| Instructions to follow |
I'd like an exact copy of only the lines from the start of the listing below through the line that holds "The model of". Please keep the pictures out.
»»
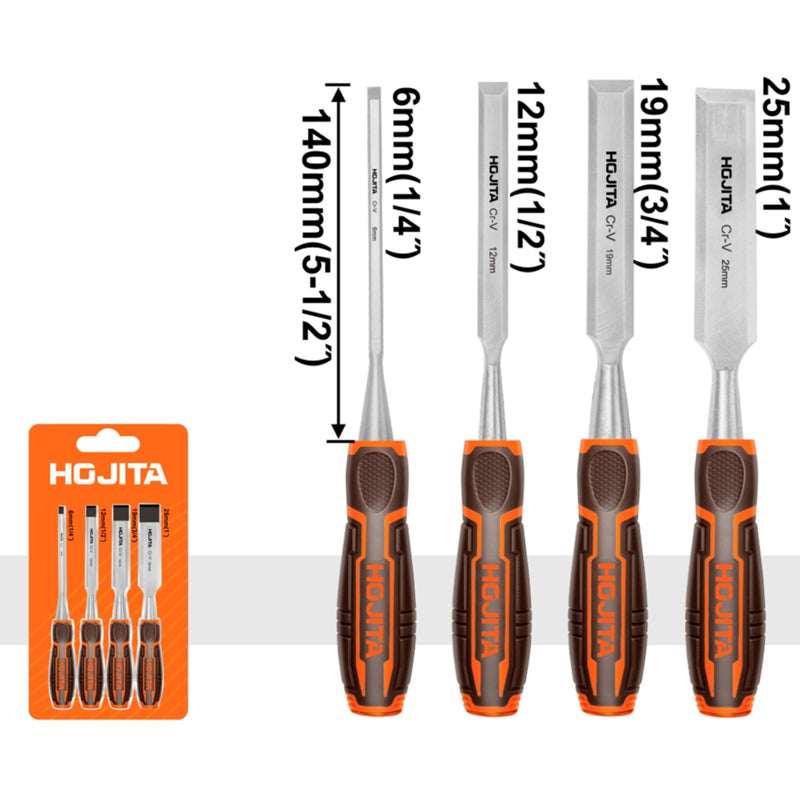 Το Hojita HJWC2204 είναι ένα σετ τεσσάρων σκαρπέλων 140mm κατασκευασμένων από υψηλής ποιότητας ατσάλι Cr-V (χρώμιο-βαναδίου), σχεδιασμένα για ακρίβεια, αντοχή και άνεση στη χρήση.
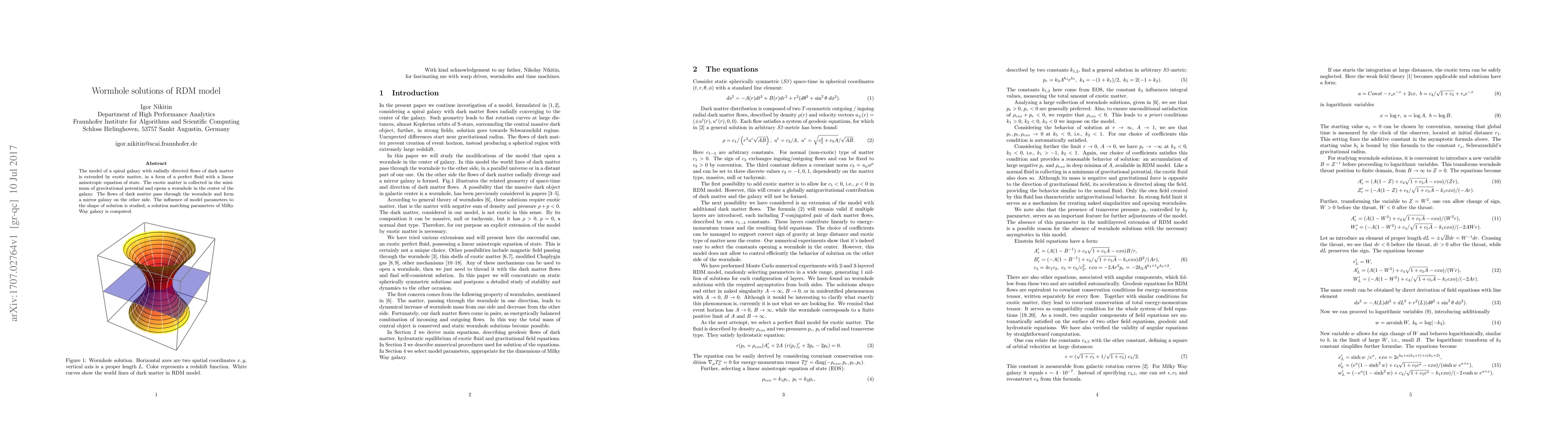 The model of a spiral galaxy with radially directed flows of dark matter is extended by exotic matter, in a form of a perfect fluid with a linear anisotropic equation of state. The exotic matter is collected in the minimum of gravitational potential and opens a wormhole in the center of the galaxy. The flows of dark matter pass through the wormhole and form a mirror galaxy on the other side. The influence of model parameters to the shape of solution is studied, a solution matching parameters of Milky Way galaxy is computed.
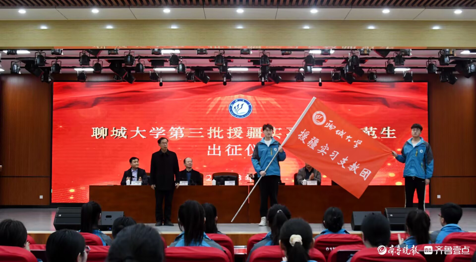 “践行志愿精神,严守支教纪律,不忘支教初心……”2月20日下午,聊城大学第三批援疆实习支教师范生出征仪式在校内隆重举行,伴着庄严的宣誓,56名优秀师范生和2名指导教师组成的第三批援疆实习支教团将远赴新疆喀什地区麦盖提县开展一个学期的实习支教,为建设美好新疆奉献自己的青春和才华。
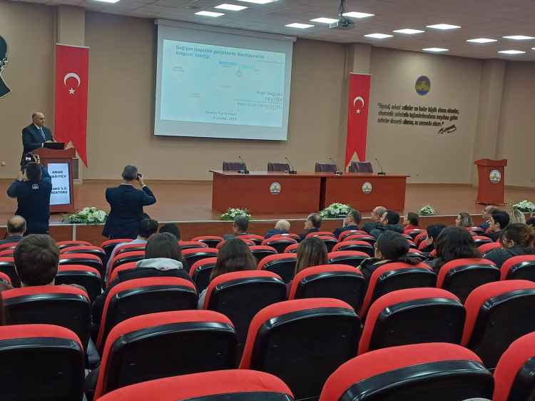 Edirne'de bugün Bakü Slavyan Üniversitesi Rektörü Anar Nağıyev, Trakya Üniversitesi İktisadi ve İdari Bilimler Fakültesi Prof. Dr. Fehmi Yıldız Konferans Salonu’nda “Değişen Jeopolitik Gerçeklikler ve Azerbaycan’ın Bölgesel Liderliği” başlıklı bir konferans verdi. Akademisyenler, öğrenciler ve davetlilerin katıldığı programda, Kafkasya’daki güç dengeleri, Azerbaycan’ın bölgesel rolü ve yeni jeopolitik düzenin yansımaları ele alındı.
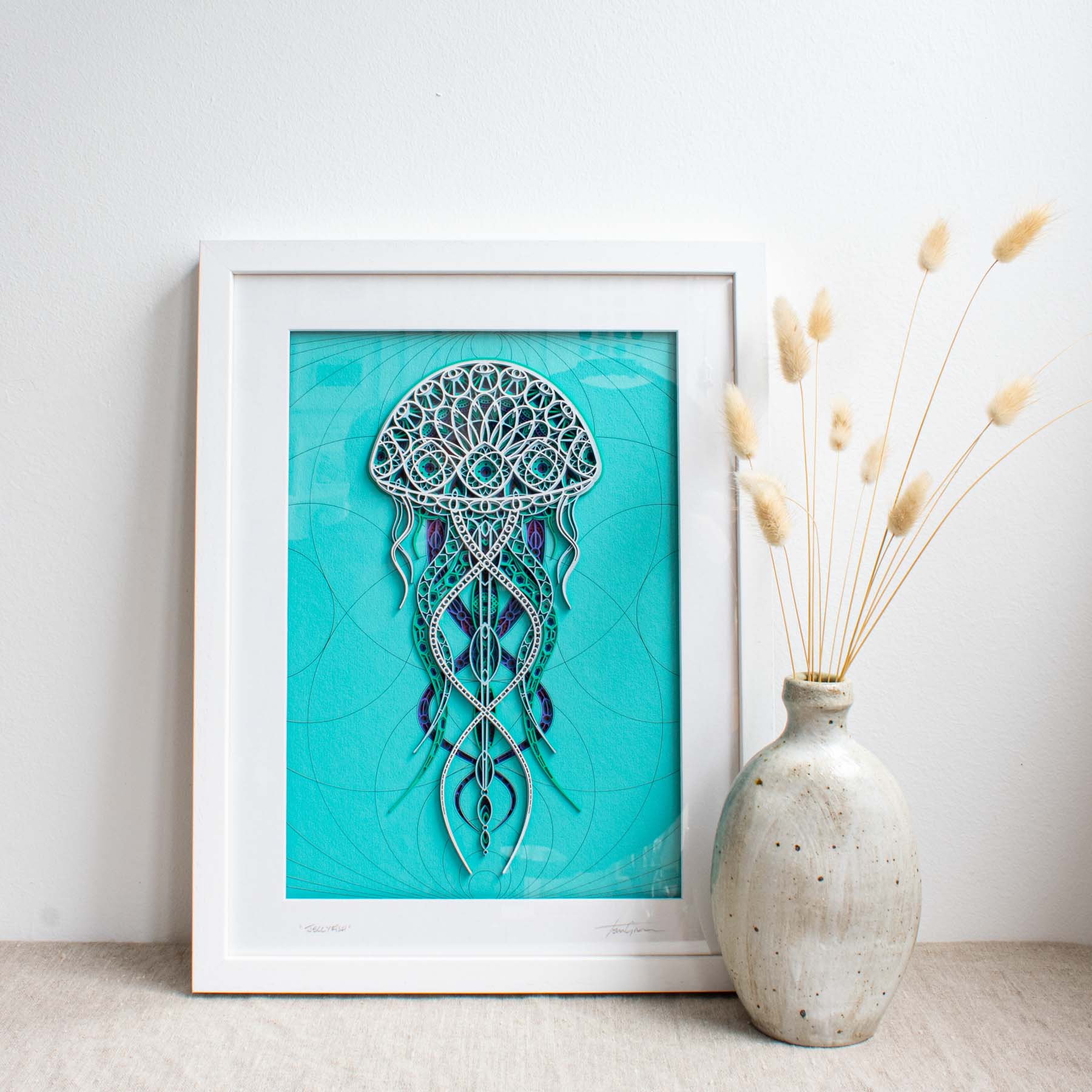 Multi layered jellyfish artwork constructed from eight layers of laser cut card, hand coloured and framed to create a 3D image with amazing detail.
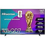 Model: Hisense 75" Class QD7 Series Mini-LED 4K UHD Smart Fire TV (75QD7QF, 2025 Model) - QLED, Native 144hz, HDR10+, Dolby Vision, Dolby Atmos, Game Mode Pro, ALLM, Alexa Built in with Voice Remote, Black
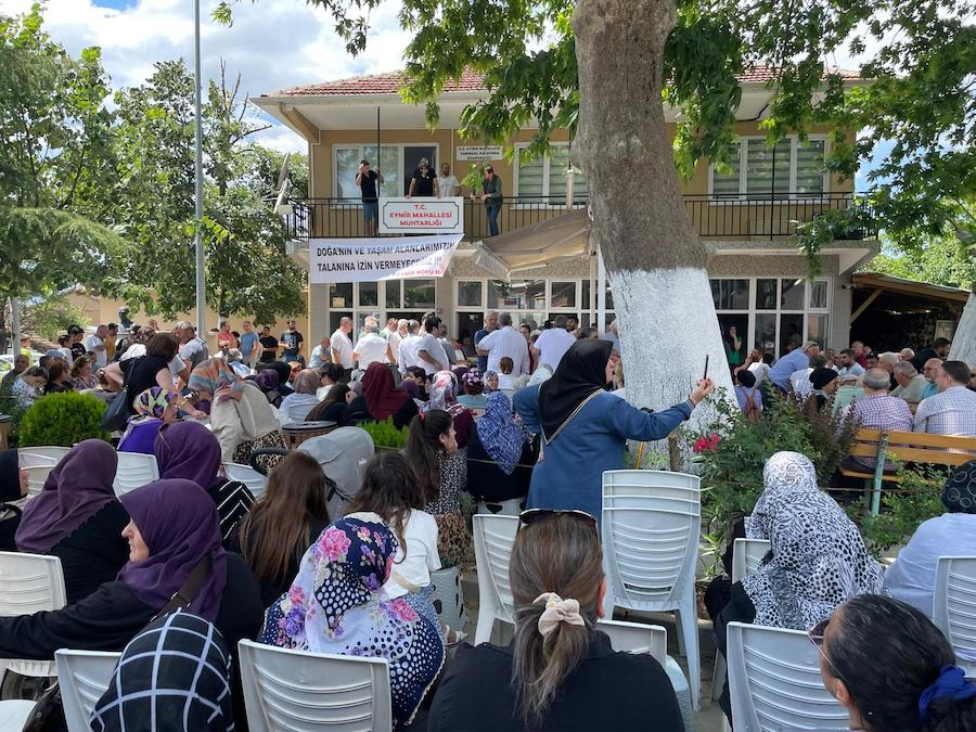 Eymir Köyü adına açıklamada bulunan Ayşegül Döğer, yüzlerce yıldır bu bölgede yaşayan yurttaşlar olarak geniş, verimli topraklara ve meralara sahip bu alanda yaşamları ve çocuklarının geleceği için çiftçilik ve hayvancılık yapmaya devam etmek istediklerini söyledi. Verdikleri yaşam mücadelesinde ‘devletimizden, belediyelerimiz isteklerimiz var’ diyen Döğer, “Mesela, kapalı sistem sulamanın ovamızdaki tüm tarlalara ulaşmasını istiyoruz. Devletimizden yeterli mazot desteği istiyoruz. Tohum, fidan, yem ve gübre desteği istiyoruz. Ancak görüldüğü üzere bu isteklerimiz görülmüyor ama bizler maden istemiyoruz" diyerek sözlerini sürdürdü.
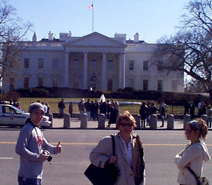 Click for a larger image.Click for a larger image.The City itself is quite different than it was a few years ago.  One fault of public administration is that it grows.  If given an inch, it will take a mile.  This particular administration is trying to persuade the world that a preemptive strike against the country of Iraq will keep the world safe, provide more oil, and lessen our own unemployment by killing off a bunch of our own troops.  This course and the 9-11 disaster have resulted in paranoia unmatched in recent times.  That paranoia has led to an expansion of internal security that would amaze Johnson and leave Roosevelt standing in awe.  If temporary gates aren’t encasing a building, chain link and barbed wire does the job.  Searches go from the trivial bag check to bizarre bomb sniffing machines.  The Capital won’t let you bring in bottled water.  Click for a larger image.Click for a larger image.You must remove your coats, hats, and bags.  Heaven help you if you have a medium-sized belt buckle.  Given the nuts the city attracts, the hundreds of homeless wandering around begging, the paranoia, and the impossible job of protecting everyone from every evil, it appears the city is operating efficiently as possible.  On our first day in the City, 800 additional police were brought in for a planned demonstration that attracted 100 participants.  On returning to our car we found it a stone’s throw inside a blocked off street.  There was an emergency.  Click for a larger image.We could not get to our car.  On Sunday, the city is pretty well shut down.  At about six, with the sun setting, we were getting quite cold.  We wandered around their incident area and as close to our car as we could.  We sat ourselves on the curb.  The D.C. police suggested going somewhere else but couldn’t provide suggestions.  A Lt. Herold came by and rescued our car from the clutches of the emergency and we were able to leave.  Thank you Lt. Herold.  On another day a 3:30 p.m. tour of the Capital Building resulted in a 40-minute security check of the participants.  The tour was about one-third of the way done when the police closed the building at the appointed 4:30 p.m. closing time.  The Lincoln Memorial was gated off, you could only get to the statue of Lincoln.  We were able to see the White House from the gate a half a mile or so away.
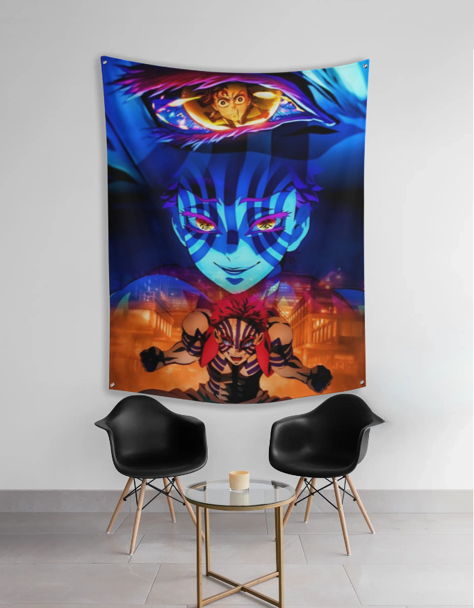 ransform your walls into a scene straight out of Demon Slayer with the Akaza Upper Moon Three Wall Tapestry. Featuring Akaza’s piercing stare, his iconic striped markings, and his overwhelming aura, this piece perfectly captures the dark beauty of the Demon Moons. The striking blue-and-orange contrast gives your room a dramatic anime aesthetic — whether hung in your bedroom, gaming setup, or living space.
««
| Exercise result |
 Το Hojita HJWC2204 είναι ένα σετ τεσσάρων σκαρπέλων 140mm κατασκευασμένων από υψηλής ποιότητας ατσάλι Cr-V (χρώμιο-βαναδίου), σχεδιασμένα για ακρίβεια, αντοχή και άνεση στη χρήση.
 The model of a spiral galaxy with radially directed flows of dark matter is extended by exotic matter, in a form of a perfect fluid with a linear anisotropic equation of state. The exotic matter is collected in the minimum of gravitational potential and opens a wormhole in the center of the galaxy. The flows of dark matter pass through the wormhole and form a mirror galaxy on the other side. The influence of model parameters to the shape of solution is studied, a solution matching parameters of Milky Way galaxy is computed.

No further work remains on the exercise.